| Пишет alisashuang ( @ 2009-07-06 13:34:00 |
| Тэги записи: | debt consolidation, home equity, mortgage calculator, mortgage rates, refinance |
Mortgage Rates broke news of the hike
Hyundai Offers Buyers $1,000 or Gas at $1.49/Gallon
Hyundai is leading the auto-incentive pack once again. Beginning tomorrow, the South Korean automaker will launch their “Assurance Gas Lock” promotion,
An incentive that will offer new vehicle buyers either a $1,000 cash rebate or the chance to lock in gas prices at $1.49/gallon for one year:
With gas prices at $2.70, someone driving a V6 Hyundai Sonata, one of its most popular models, for 12,000 miles over the course of a year would save about $580 with the gas price promotion,
Given the Sonata’s EPA-estimated 25 miles per gallon fuel economy in combined city and highway driving.
Gas prices would need to average about $3.60 a gallon or more for a typical Sonata buyer to benefit from the gas card instead of the cash.
In the June 12 edition of their weekly newsletter, The Kiplinger Letter, the personal finance and business forecasting organization says that while they do expect oil prices to increase to $85 a barrel in the coming weeks,
“By year-end, oil will be closer to $65 a barrel, with gas near $2.25 a gallon.” That being said, we’re betting most will opt for the cash.
Hyundai’s latest promotion completes a triple threat for the automaker that’s looking to gain an even greater lion’s share of the automotive market.
The “Assurance Gas Lock” promotion, combined with their year-long “Assurance” program, and the newly enacted “Cash for Clunkers” law,
Could serve to push Hyundai even further to the head of the pack:
[From CNN Money, 2/19/09] The auto industry’s U.S. sales in January were at the weakest monthly annualized rate in 27 years,
But Hyundai saw demand rise 14%, a trend [vice president of marketing at Hyundai Motor America Joel] Ewanick,
Ewanick partly credited to the Assurance program, which was launched in early January.
[From CNN Money, 6/30/09] Hyundai will announce its June sales on Wednesday and industry trackers at Edmunds.com expect them to be down 18% from the same month last year,
But that would be much better than the overall industry which is expected to be down 28%.
We wrote this exact conclusion back in February when we first reported on Hyundai’s “Assurance Plus” program,
And we think it still applies: “Automakers take note: if you can prove to consumers that you’re willing to stand behind them, they’ll be more willing to stand behind you.”
Citi Raises Rates Before Rules Take Effect
According to the Financial Times, Citigroup has increased the interest rate on up to 15 million credit card accounts that the bank co-brands with retailers such as Sears.
The increase comes months before the Obama Administration’s credit card reform is scheduled to take hold.

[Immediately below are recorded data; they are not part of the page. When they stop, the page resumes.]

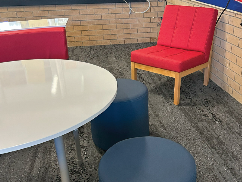 After understanding the project’s objectives, Sebel’s design app was used to design the spaces, carefully selecting furniture that would cater to the school’s requirements. The choices included Twist’n’Lock Tables, which provide various heights and shapes, along with Postura Max® Chairs. For the high tables, Postura® Plus Stools were chosen. Additionally, soft furnishings were incorporated to create a comfortable breakout area.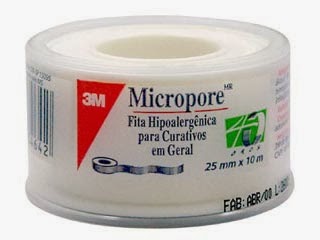 19 - Hora de colocar. Primeiro, separe alguns pedaços de micropore, o suficiente para segurar bem o scalp para não ter perigo de sair. Depois, pegue um algodão com álcool e esterilize a pele onde vai ser aplicada a medicação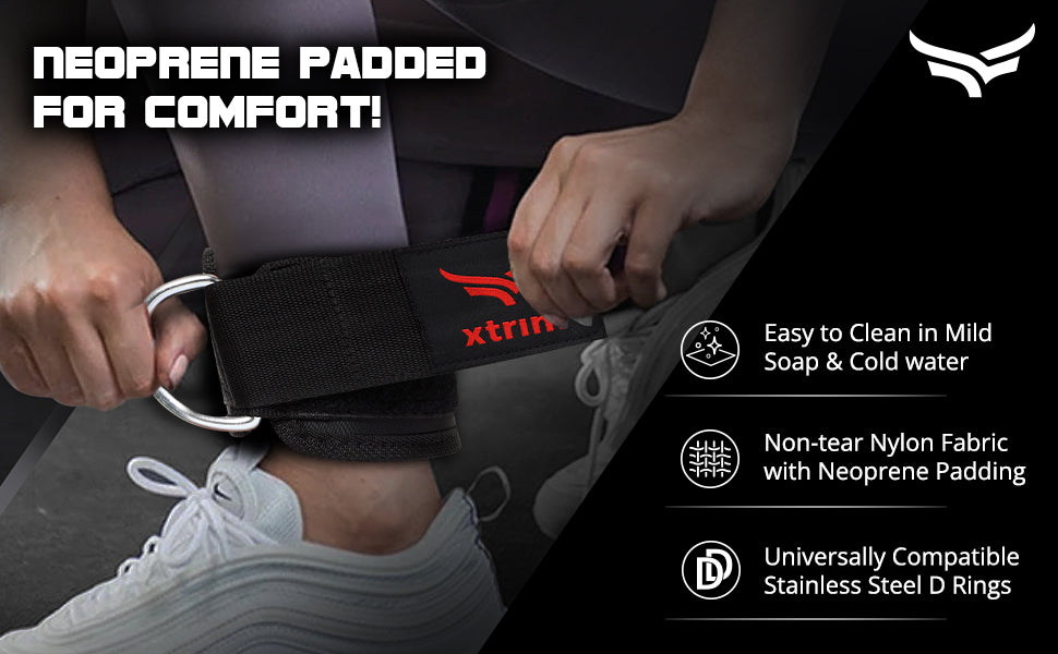 - High-Quality & Durable Material: Xtrim Ankle Straps come with breathable neoprene padding that prevents wetness due to sweating during workouts, ensuring their strength and durability

The Credit Cardholders’ Bill of Rights Act, slated to go into effect in early 2010 — pushed up from the originally launch date of July 2010 — is designed to,
Among other things, prevent credit card companies from raising interest rates without the cardholder’s knowledge:
Holders of co-branded cards who failed to pay their balance in full at the end of the month saw their rates rise by an average 24 per cent –
Or nearly 3 percentage points – between January and April, according to a Credit Suisse analysis of data from the consultancy Lightspeed Research.
Citi’s response to the increase was the same as Bank of America’s regarding their recent increases in rates and fees.
Financial institutions have cited that the cost of doing business has increased due to the voluminous defaults and volatility in the current market:
Mortgage Rates broke news of the hike, Citi issued a statement saying: ”We have adjusted pricing and card terms for some customers as part of our regular account reviews.
This is an ongoing process to ensure we offer terms, interest rates, credit lines and products based on individual needs and risk profiles.
These changes also reflect the dramatically higher cost of doing business in our industry as we work to preserve the broad availability of credit.”
Citi’s move came as the economic downturn caused record defaults among US card users and prompted many issuers to raise rates,
Both to cushion their losses and pre-empt the new restrictions set to come into effect in February.
However, Citi’s increases have been larger than those of its main rivals, according to Lightspeed, which tracks about 12,000 US credit card accounts.
We expect many credit card companies to rush in many of the practices that will be banned under the legislation while they still can.
We urge consumers to guard themselves against rate increases by buying only what you know you can afford, paying your bill in full and on time every month,
And read your contract so that you understand the terms and conditions of your account.